Les passages à l'actes sont souvent secondaires à des moments de frustration, d'angoisse et de séparation.
- Les syndromes dépressifs sont fréquents.
- Les manifestations anxieuses aiguës sont volontiers bruyantes (violence, passage à l'acte)
- Des épisodes psychotiques brefs peuvent s'observer avec hallucinations ou des thématiques persécutives. Ils sont rapidement réversibles et critiqués.
Un clivage et un déni avec par exemple une vision dichotomiques des personnes qui seront à la fois proches, attachantes et détestables, méprisables selon les moments. Une incapacité à pouvoir décrire les motifs, les sentiments pouvant expliquer un passage à l'acte violent récent (perte de l'unité du moi).
Une idéalisation de certaines personnes proches décrites comme parfaites, sans défaut, etc.
Une identification à l'autre : "il est comme moi, on est pareil, etc."
Une projection sur l'environnement et l'entourage des affects violents et agressifs : "ne vous mettez pas en colère" alors que tel n'est pas le cas.
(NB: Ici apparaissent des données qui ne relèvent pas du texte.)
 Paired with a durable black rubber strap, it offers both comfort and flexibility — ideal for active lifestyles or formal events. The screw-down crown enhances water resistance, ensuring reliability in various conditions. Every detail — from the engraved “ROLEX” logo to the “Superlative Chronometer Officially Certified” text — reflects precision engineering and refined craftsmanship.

Les premières manifestations peuvent s'observer à l'adolescence. Ce diagnostic est souvent révélé après une rupture, des difficultés relationnelles, conjugales, professionnelles.
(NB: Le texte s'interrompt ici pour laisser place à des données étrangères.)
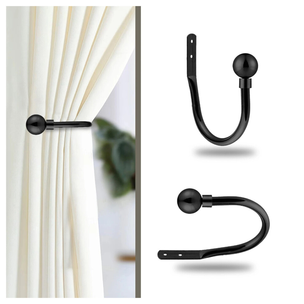 (Hold Backs Pair, Matte Black) Blackout Extendable Metal Curtain Pole 28mm Room Darkening Rod Brackets Hooks and Fittings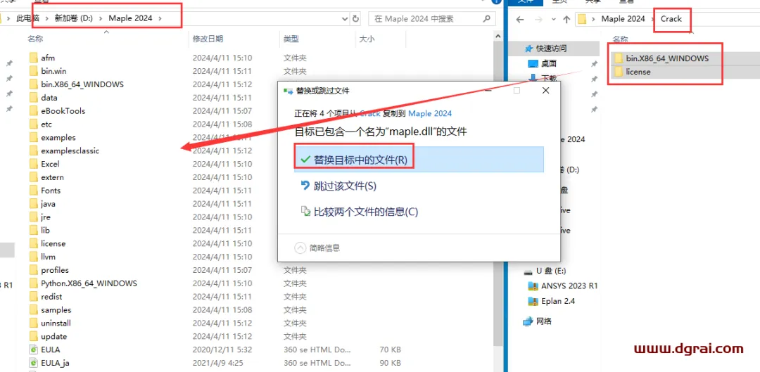 15、将安装包Crack里面的所有破解文件复制到刚才后退的安装目录位置下替换

L'évolution est chronique émaillée de complications psychiatriques.
Les tableaux peuvent être graves avec une répétitions des passages à l'actes, une polytoxicomanie, des hospitalisations itératives, une multiplications d'actes délictueux violents, une précarité sociale et un isolement affectif très mal toléré.
Il n'est pas indispensable d'avoir un avis tranché sur les débats et les positions théoriques.
Il est possible que l'entité borderline ne soit pas une entité clinique pertinente.
Toutefois en pratique, des patients présentant ce tableau clinique sont souvent rencontrés.
Les thérapeutiques médicamenteuses peuvent aider sur certains aspects du trouble.
- Les anxiolytiques contre l'anxiété. Les antidépresseurs pour les complications dépressive, les neuroleptiques pour diminuer l'impulsivité.
- Les médicaments peuvent aussi aggraver le tableau : surconsommation, désinhibition, aggravation de la dépendance et de la passivité, etc.
Des hospitalisations plus ou moins longues ne peuvent pas toujours être évitées. Elles permettent de contrôler l'impulsivité ; elles aident à poser des limites dans les comportements auto et hétéro agressifs ; elles protègent lorsque l'environnement social du sujet est trop néfaste ou trop précaire.
Pour les patients présentant des tableaux cliniques évoquant un borderline, la clinique et la psychopathologie peuvent aider les soignants à ajuster leurs actions et leur relation avec le patient.
Par exemple, un borderline qui reprocherait une attitude agressive à son égard incitera à un peu plus de vigilance : projection ? Chez un borderline qui décrirait son épouse comme une femme parfaite et idéale, c'est avec hésitation, qu'il conviendra de tenter de modérer ses éloges qui résultant d'une "idéalisation" sont des "mécanismes de défenses" qui protègent l'épouse des pulsions violentes du patient.
Il est toutefois préférable de ne pas trop abuser des concepts psychopathologiques qui peut-être, ont une pertinence pratique et descriptive, à un moment donné, pour un patient donné, mais qui reposent sur des fondement théoriques fragiles et discutables.